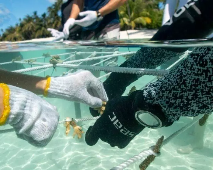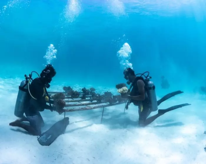 Resortet dedikerer sig også til at beskytte livet under havoverfladen. I samarbejde med organisationen ”Save The Beach Maldives” har de plantet 4.000 koraller for at genoprette koralrevene, og undervandskameraer overvåger biodiversiteten for at sikre et sundt økosystem. De arrangerer samtidig regelmæssige strandoprydninger, hvor både gæster og ansatte deltager.
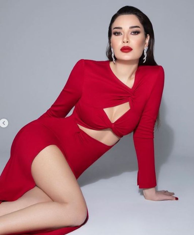 وظهرت الفنانة اللبنانية بفستان أحمر من توقيع ريّان بشارة، تميّز بفتحات في منطقة الصدر، الصيحة الرائجة في موضة 2024، إلى جانب شق واسع في منطقة البطن، مع شق جانبي مرتفع.
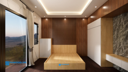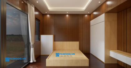 1. Bản vẽ 3D nội thất phòng ngủ sử dụng tấm ốp tường giả gỗ:
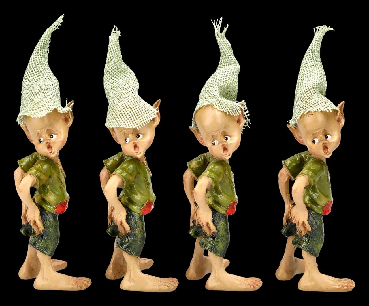 Oh Mann, was hat die freche Bande da wieder angestellt? Die Mutter der vier Frechdachse wird sich vermutlich nicht gerade freuen, wenn sie die zerrissenen Hosen entdeckt. Mit beiden Händen versuchen die kleinen Pixie Kobolde das große Loch in ihrer Hose zu verdecken. Die witzigen Pixie Kobolde wurden aus liebevoll handbemaltem Kunststein (Polyresin) gefertigt und sind je 13 cm hoch, je 4 cm breit und je 5,5 cm tief. Sie kommen im 4er Set und sind für jeden Pixie-Sammler ein richtig niedliches Geschenk und können vielleicht auch gleich mit Freunden geteilt werden. Sammler finden übrigens in unserem Shop weitere lustige Pixie-Figuren.

Task details: Would you give the material back exactly, minus the pictures?

Solution for this exercise:
 Resortet dedikerer sig også til at beskytte livet under havoverfladen. I samarbejde med organisationen ”Save The Beach Maldives” har de plantet 4.000 koraller for at genoprette koralrevene, og undervandskameraer overvåger biodiversiteten for at sikre et sundt økosystem. De arrangerer samtidig regelmæssige strandoprydninger, hvor både gæster og ansatte deltager.
 وظهرت الفنانة اللبنانية بفستان أحمر من توقيع ريّان بشارة، تميّز بفتحات في منطقة الصدر، الصيحة الرائجة في موضة 2024، إلى جانب شق واسع في منطقة البطن، مع شق جانبي مرتفع.
 1. Bản vẽ 3D nội thất phòng ngủ sử dụng tấm ốp tường giả gỗ:
 Oh Mann, was hat die freche Bande da wieder angestellt? Die Mutter der vier Frechdachse wird sich vermutlich nicht gerade freuen, wenn sie die zerrissenen Hosen entdeckt. Mit beiden Händen versuchen die kleinen Pixie Kobolde das große Loch in ihrer Hose zu verdecken. Die witzigen Pixie Kobolde wurden aus liebevoll handbemaltem Kunststein (Polyresin) gefertigt und sind je 13 cm hoch, je 4 cm breit und je 5,5 cm tief. Sie kommen im 4er Set und sind für jeden Pixie-Sammler ein richtig niedliches Geschenk und können vielleicht auch gleich mit Freunden geteilt werden. Sammler finden übrigens in unserem Shop weitere lustige Pixie-Figuren.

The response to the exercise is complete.